Diese Satzung tritt am Tag nach ihrer öffentlichen Bekanntmachung in Kraft. Gleichzeitig tritt die Bekanntmachungssatzung vom 19.07.2000 außer Kraft.   

Sayda, 21.04.2004       

H. Wagner Bürgermeister    

Hinweis nach § 4 Abs. 4 der Gemeindeordnung für den Freistaat Sachsen (SächsGemO)
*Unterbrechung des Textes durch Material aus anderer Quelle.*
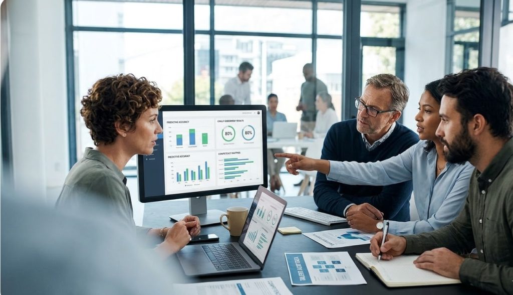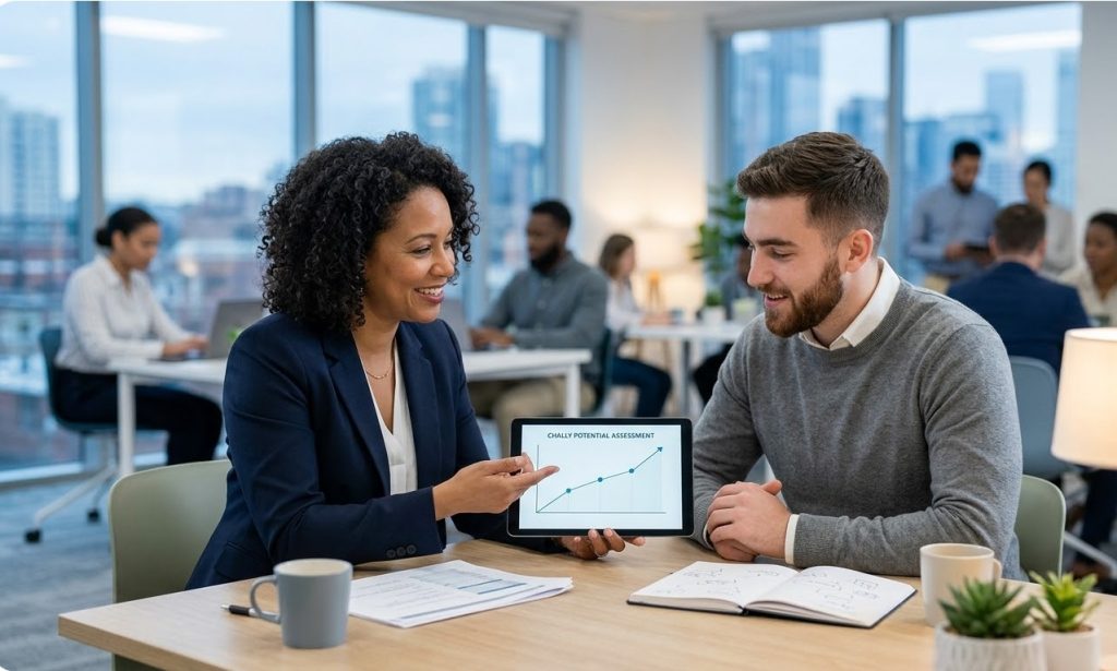 Las evaluaciones predictivas, no solo evalúan a la persona, vinculan esos resultados con las necesidades reales del puesto. El Assessment Chally, por ejemplo, toma una base estadística para determinar las competencias clave de cada puesto y evalúa el potencial natural del candidato para desarrollar cada una de ellas,
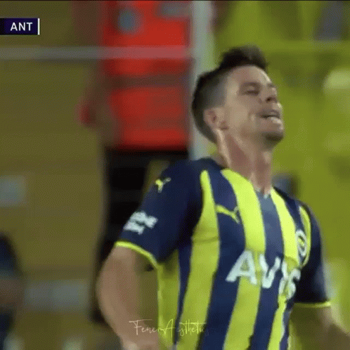 Miha Zajc celebrates a goal in his Fenerbahçe jersey, showing excitement on the field with teammates.
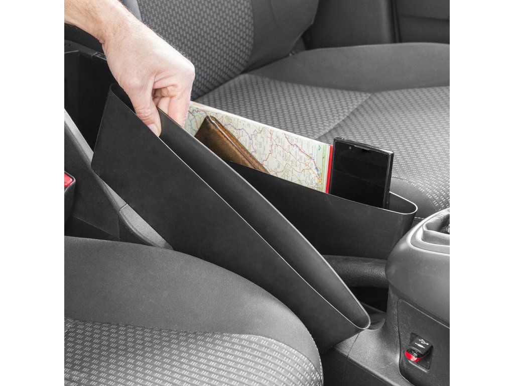 Egy kényelmesen használható és praktikus találmány, amellyel mindig egy helyen és kéznél tarthatod autódban a hasznos holmikat: térképet, jegyzetfüzetet, tollat, kulcsot, mobilt, töltőt stb. Modern és funkcionális kivitelezésének köszönhetően könnyen elfér az autó elülső ülései között.
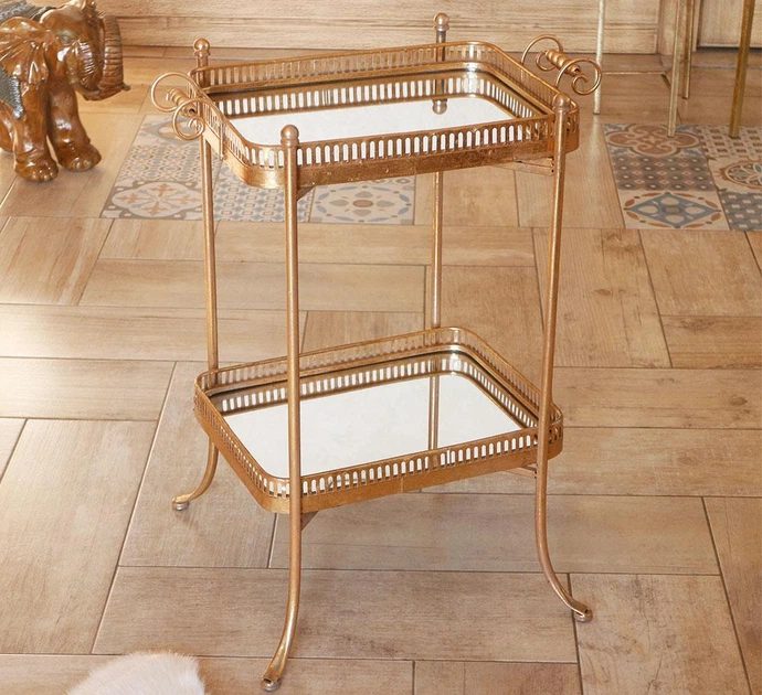 Сервировочный золотой столик на колесах из металла с черной стеклянной
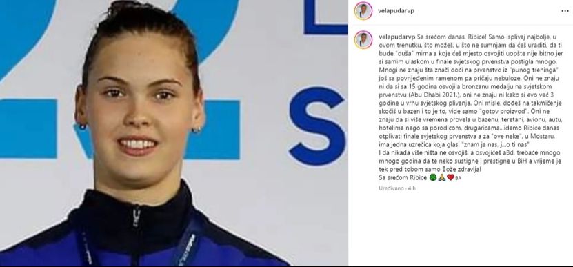 Velibor Pudar, otac najbolje bh. plivačice Lane Pudar, oglasio se danas uoči finalne utrke Svjetskog prvenstva u disciplini 200 metara delfin.

Nach § 4 Abs. 4 Satz 1 SächsGemO gelten Satzungen, die unter Verletzung von Verfahrens- und  Formvorschriften  der  SächsGemO  zustande  gekommen  sind,  ein  Jahr  nach  ihrer  Bekanntmachung als von Anfang an gültig zustande gekommen.  Dies gilt nicht, wenn

  1. die Ausfertigung der Satzung nicht oder fehlerhaft erfolgt ist,
  2. Vorschriften  über  die  Öffentlichkeit  der  Sitzungen,  die  Genehmigung  oder  die  Bekanntmachung der Satzung verletzt worden ist,
  3. der Bürgermeister dem Beschluss nach § 52 Abs. 2 wegen Gesetzeswidrigkeit widersprochen hat,
  4. vor Ablauf der in § 4 Abs. 4 Satz 1 der SächsGemO genannten Frist
    a)  die Rechtsaufsichtsbehörde den Beschluss beanstandet hat oder
    b)  die  Verletzung  der  Verfahrens-  und  Formvorschrift  gegenüber  der  Gemeinde  unter  Bezeichnung  des  Sachverhaltes,  der  die  Verletzung  begründen soll, schriftlich geltend gemacht worden ist. Ist eine Verletzung nach den Ziffern 3 oder 4 geltend gemacht worden, so kann nach Ablauf der  in  § 4  Abs. 4  Satz  1  SächsGemO  genannten  Frist  jedermann  diese Verletzung  geltend machen.